Nutritional Information

Calories:  635
Fat:  11g (sat 3g)
Protein:  38g
Carbohydrate:  101g
Fiber:  29g
Cholesterol:  21mg
Sodium:  025mg
All You, SEPTEMBER 2007
This is typically served with quesadillas, I'm avoiding gluten for a bit, and my hubby wanted corn bread, so I made corn bread muffins.  Here is another version you could try if you would like to experiment a bit.

Spicy Black Bean-and-Sausage Soup

Yield: 4 servings (serving size: 1 1/2 cups)

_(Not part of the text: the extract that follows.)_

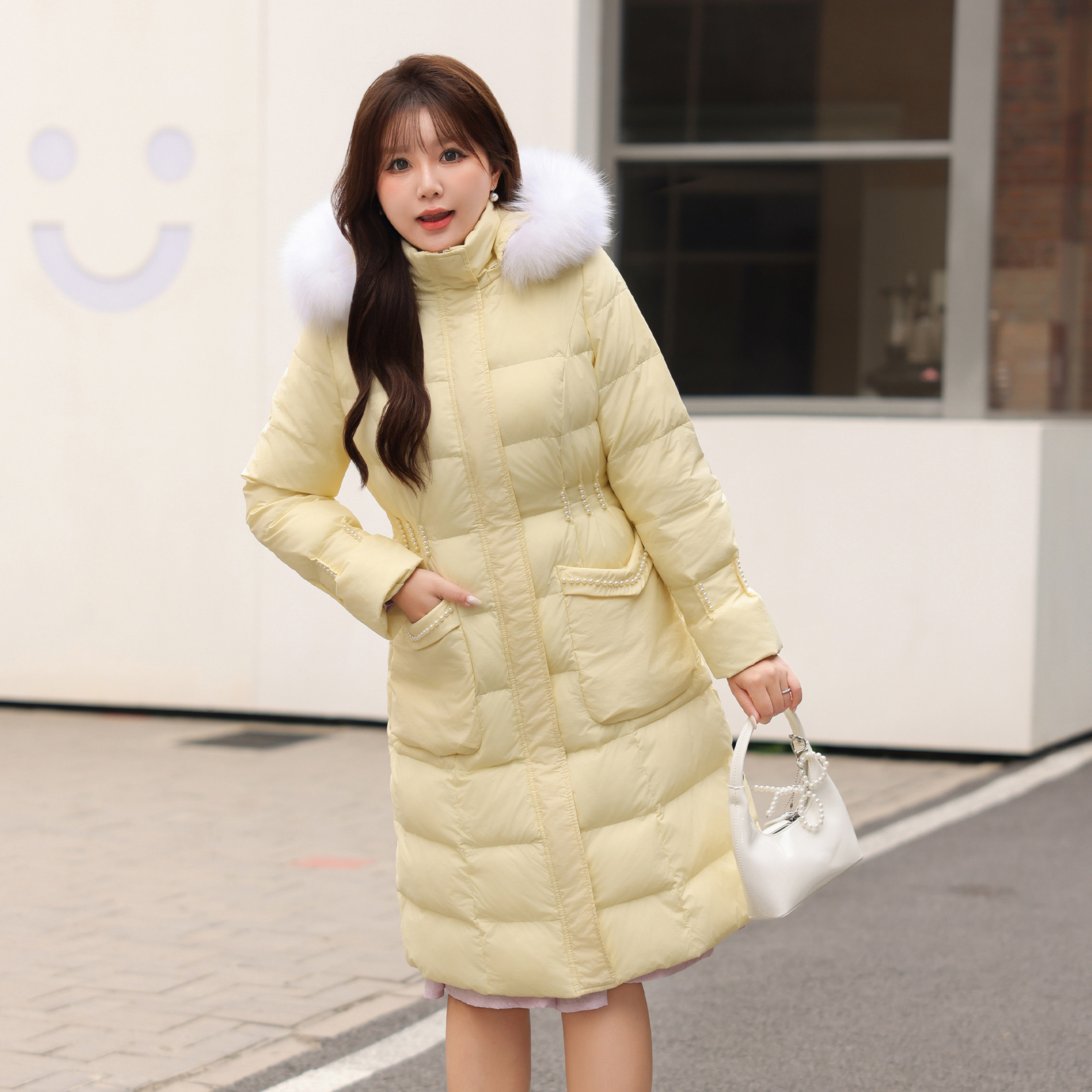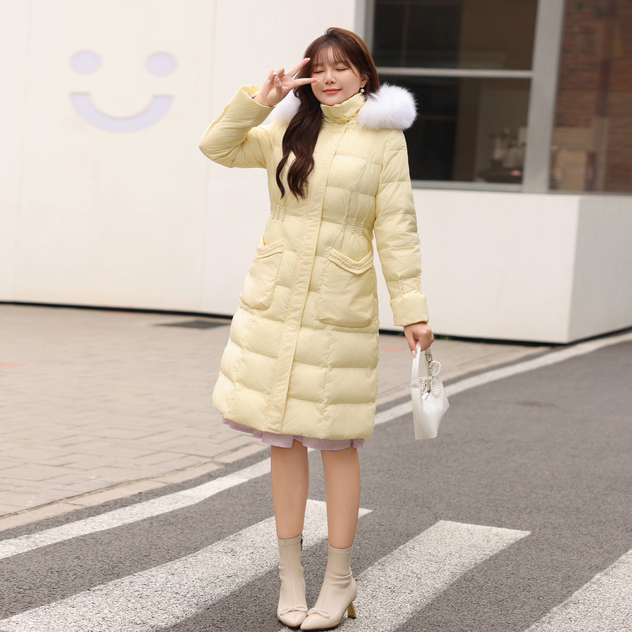 DM100大码百分百微胖mm女收腰90白鸭绒羽绒服连帽正肩中长款外套

  • 2  (15-ounce) cans black beans, drained and divided
  • 2 1/2  cups  water, divided (I use chicken stock when I can)
  • 1  tablespoon  olive oil
  • 2  cups  diced onion
  • 1  teaspoon  chili powder
  • 1/2  teaspoon  ground cumin
  • 1/4  to 1/2 teaspoon hot sauce
  • 1/4  teaspoon  black pepper
  • 1  garlic clove, minced
  • 6  ounces  turkey kielbasa, diced


Place 1 cup beans and 1/2 cup water in a food processor or blender, and process until smooth. (I don't do this, I leave them all whole, but I like a clear broth)
Heat olive oil in a large Dutch oven over medium-high heat. Add the onion, and sauté 4 minutes or until onion is soft. Add bean purée, remaining beans, 2 cups water, chili powder, and next 4 ingredients (chili powder through garlic); bring to a boil. Cover, reduce heat, and simmer 5 minutes, stirring occasionally. Stir in turkey kielbasa; cook 1 minute or until thoroughly heated.

Nutritional Information

Calories:  291 (26% from fat)
Fat:  8.3g (sat 2.6g,mono 3.5g,poly 1.5g)
Protein:  17.8g
Carbohydrate:  38.9g
Fiber:  7g
Cholesterol:  23mg
Iron:  7.8mg
Sodium:  789mg
Calcium:  72mg
Cooking Light, OCTOBER 1998
It's been a long day, and I'm worn from all of this, but It seems that if my family would really like to know what's going on, and why we don't have a family yet, and how I feel about all of this, I really should share it.  I usually don't, I like to remain positive, and keep the faith.  It's only fair though, to let you in on one or two of those days where I just feel out of sorts, and upset, and I wish that things were different, and that we were the one's celebrating along with our friends. I will share my little doggies love and support with you all, and if you can keep a secret, they really like to help me in the kitchen.

 They like to guard the floor beneath the cutting board, and keep it clean for me.  Only that section though, because they bring in all sorts of mud after they have been out side. 
Well, dish yourself up a bowl of comfort and sit back and relax, it's going to be a wild weekend.